From which direction is the illumination coming in each of the images in Figure 13?

Answer

The shadows on the crater floors cast by the walls and central peaks demonstrate that the illumination is from the right in both cases.

The only important distinction between cratering on the terrestrial planets and on Jupiter's satellites concerns the rate of cratering. There is clear evidence from the relative abundances of craters of different sizes that the population of impactors responsible for craters on Ganymede and Callisto differs from the population that caused the cratering of the terrestrial planets. The reason is that the latter is probably dominated by asteroids, whereas the former may include a greater proportion of comets plus locally generated debris arising from collisions within the particular satellite system.

Whatever the explanation, it means that we cannot use the lunar cratering time-scale to determine the absolute ages of the surfaces of the galilean satellites. Even more frustrating is that the impactor populations at Saturn, Uranus and Neptune all seem to have been different, so that we cannot use craters to compare ages between satellite systems in the outer Solar System. All that it is usually safe to assume is that when comparing regions on the same body, a more densely cratered surface must be older than a less densely cratered surface.
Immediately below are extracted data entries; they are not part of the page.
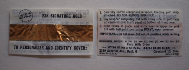 Chemical Rubber Company (CRC) foil packaging suggests it can be used for personalizing and identifying books, wallets, etc. The CRC foil packaging sports a clever design, since the wrapper also forms a clear window that is used while writing, to prevent tearing through the thinner foil. The CRC began in 1900, when Arthur Freidman invented and sold a chemical resistant rubber apron for use by chemistry students. Later he and his brothers published the first Handbook of Chemistry in 1913: it is still in print, currently the 92nd. ed. The original 1913 edition is described as “apron-pocket size”, the current edition is considerably larger, perhaps necessitating a kangaroo sized pouch.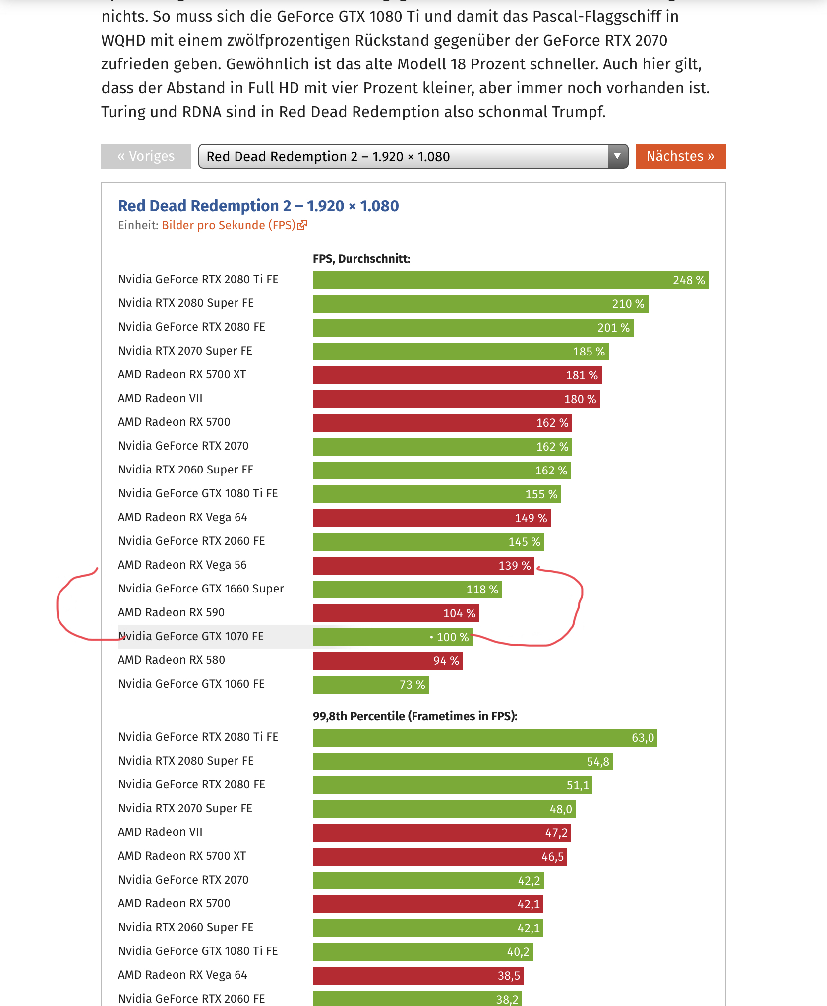 Die Vega 64 die mal deutlich unter der 1080 war ist zum Teil deutlich davor.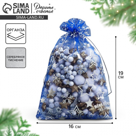 Мешочек подарочный новогодний органза «Исполнения желаний», 16?24 см ± 1.5 см (арт. 3512391)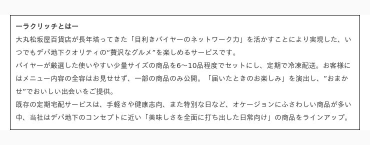 大丸松坂屋百貨店が手掛ける、食通のバイヤーが厳選した冷凍グルメ宅配のサブスクリプションサービス「ラクリッチ」は、現在38ブランド72品の商品を取り揃えています。その中から、2024年1月1日(月)から展開している冷凍グルメのうち、特におすすめの商品をピックアップしてご紹介いたします。

The surfaces of Ganymede and Callisto are much older than any surface that has survived on Europa, and this is where you first meet the concept of icy surfaces becoming darker as they age. This is a principle that seems to apply pretty well among the satellites of the outer planets. Age-darkening is a combination of two processes. One is the gradual concentration of residual rocky or sooty (carbonaceous) particles as the ice is removed by molecules being broken apart by radiation (water ice, for example, gets split into hydrogen and oxygen) or vaporised in small meteorite impact events. The other is loss of oxygen or hydrogen from carbon-bearing ice molecules (such as carbon dioxide, CO2, or methane, CH4) to leave sooty carbon or tarry molecules known as tholins.

Age is not the only factor controlling the albedo of ice. Its physical state is important too. If you make a powder out of anything solid, the powder will probably be paler than what you started with. This is why young craters and their ejecta are usually such bright features, although these too darken with age. Age-darkening is too slow to have affected Europa's young surface, and here the contrast between pale and dark areas must be largely due to the texture of the ice. For example, in Figure 9.13 the dark 'cracks' are clearly younger than the bright plains that they cut. Rather than being related to age, this contrast could reflect differences in the size of the ice crystals or the roughness of the surface.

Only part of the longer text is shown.